Department of Data Science and Artificial Intelligence, Faculty of Information Technology, Monash University, Clayton, VIC 3800, Australia.
Department of Biochemistry and Molecular Biology and Center for Computational Biology and Bioinformatics, The Pennsylvania State University, University Park, PA 16802, USA.
Bioinformatics. 2022 Jun 24;38(Suppl 1):i255-i263. doi: 10.1093/bioinformatics/btac247.
Alignments are correspondences between sequences. How reliable are alignments of amino acid sequences of proteins, and what inferences about protein relationships can be drawn? Using techniques not previously applied to these questions, by weighting every possible sequence alignment by its posterior probability we derive a formal mathematical expectation, and develop an efficient algorithm for computation of the distance between alternative alignments allowing quantitative comparisons of sequence-based alignments with corresponding reference structure alignments.
By analyzing the sequences and structures of 1 million protein domain pairs, we report the variation of the expected distance between sequence-based and structure-based alignments, as a function of (Markov time of) sequence divergence. Our results clearly demarcate the 'daylight', 'twilight' and 'midnight' zones for interpreting residue-residue correspondences from sequence information alone.

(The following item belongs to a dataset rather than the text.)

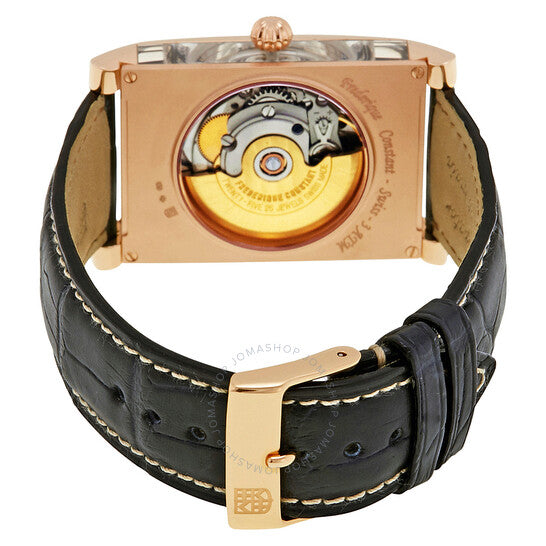 Rose gold-tone case with a black leather strap. Fixed rose gold-tone bezel. White dial with rose gold-tone hands and Roman numeral hour markers. Minute markers around the inner ring. Dial Type: Analog. Date display at the 6 o'clock position. Automatic movement. Scratch resistant sapphire crystal. Transparent case back. Case size: 39 mm x 33 mm. Rectangle case shape. Tang clasp. Water resistant at 30 meters / 100 feet. Functions: date, hour, minute, second. Dress watch style. Watch label: Swiss Made. Item Variations: FC 303V4C29, FC.303V4C29, FC303V4C29. Frederique Constant Carree White Dial Automatic Men's Watch FC-303V4C29.

Supplementary data are available at Bioinformatics online.
比对是序列之间的对应关系。蛋白质的氨基酸序列比对有多可靠,以及可以从中得出关于蛋白质关系的哪些推论?我们使用以前从未应用于这些问题的技术,通过为每个可能的序列比对分配其后验概率的权重,得出了一个正式的数学期望,并开发了一种有效的算法,用于计算替代比对之间的距离,从而可以对基于序列的比对与相应的参考结构比对进行定量比较。
通过分析 100 万个蛋白质结构域对的序列和结构,我们报告了基于序列和基于结构的比对之间的期望距离随(马氏时间)序列分歧的变化。我们的结果清楚地区分了仅从序列信息推断残基-残基对应关系的“日光区”、“暮光区”和“午夜区”。
补充数据可在 Bioinformatics 在线获得。